Литмир - Электронная Библиотека
A
A

— Это конечно, — соглашается Абайым и никак не может повернуть голову, чтобы отвести взгляд от ярких журнальных картинок на стене. Суркаш все говорил и говорил, но Абайым не в силах был уловить о чем. Потом Суркаш хлопнул его по плечу: «Давай посмотрим, старый!» И Абайым пришел в себя. Суркаш встал и открыл крышку большого, обитого разноцветной жестью сундука.

— Вот посмотри на нее, посмотри! — Суркаш вытащил из сундука лисью шкуру. — Сколько я за ней, за хитрющей, охотился! Сколько раз она меня обводила вокруг хвоста! Иногда залезет в середину отары и ловит там себе мышей. Ишь, проказница! Теперь попробуй заигрывать со мной. Смотри, смотри, старый, какая она красивая, будто солнца восход, а не ворс! Два воротника из нее выйдут. А передние лапы Арчин — она собирает на шапку.

Абайым приклеился к сундуку, но на лису — какая она — и не взглянул: глаза его впились в пакеты. Они были точно такие же, какой сегодня потерял он. Их было почти полсундука, и ни один не распечатан.

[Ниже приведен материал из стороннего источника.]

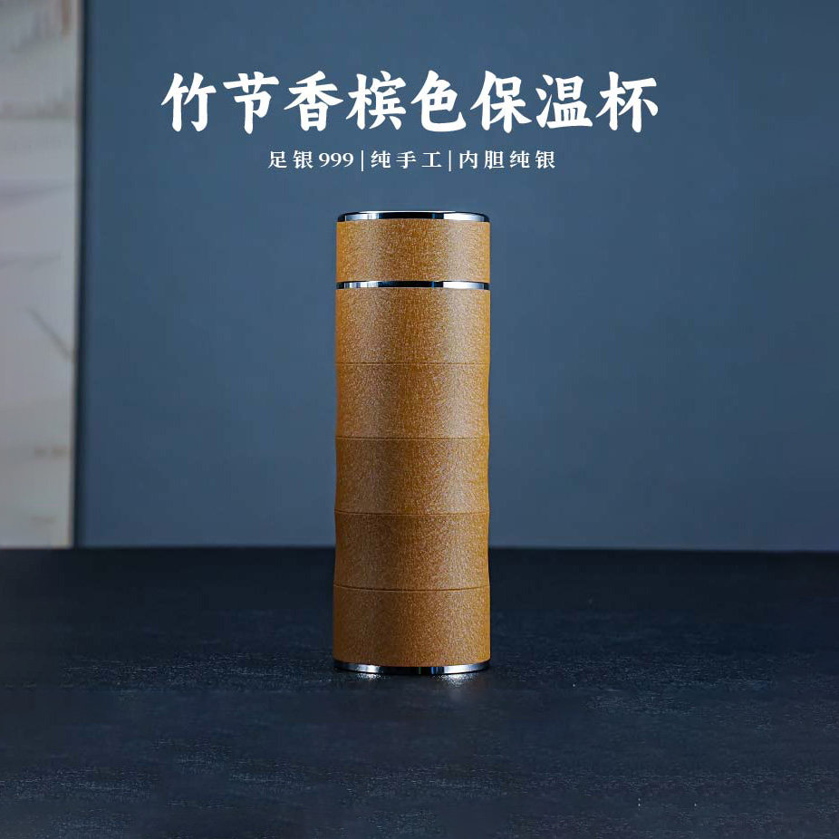 银杯子999纯银保温杯 竹节银水杯银内胆保健杯足银便携泡茶杯水杯
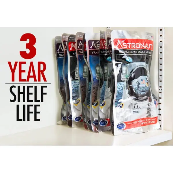 Because it is designed to be stored at room temperature without melting, Astronaut Ice Cream is a perfect snack food for the office, school, train, plane, and even space station (see what we did there?). All Astronaut Ice Creams feature a three year shelf life and are made in the USA.

А дальше в сознании Абайыма пошли пятна. После ему вспомнилось, будто он валит лиственницы себе на избу и не хватает только одной. А он, как назло, не мог найти ее. Все лиственницы, которые попадались, были то кривые, ветвистые, толстые или, наоборот, тонкие, а Абайыму надо было торопиться — солнце садилось. Он с топором бежал и бежал по лесу и наконец-то увидел: на самой вершине горы, на фоне неба, стройная, прямая, как столб, лиственница. Обрадовался Абайым и рванулся к ней, где бегом, где на четвереньках, то проваливаясь в снег, то продираясь сквозь кусты. Наконец — вот она! Абайым, выбиваясь из сил, подполз, глянул вверх по стволу, будто прицеливаясь, но лесина оказалась кривая, да еще с дуплом! Рассердился Абайым, стал плеваться и тут пришел в себя.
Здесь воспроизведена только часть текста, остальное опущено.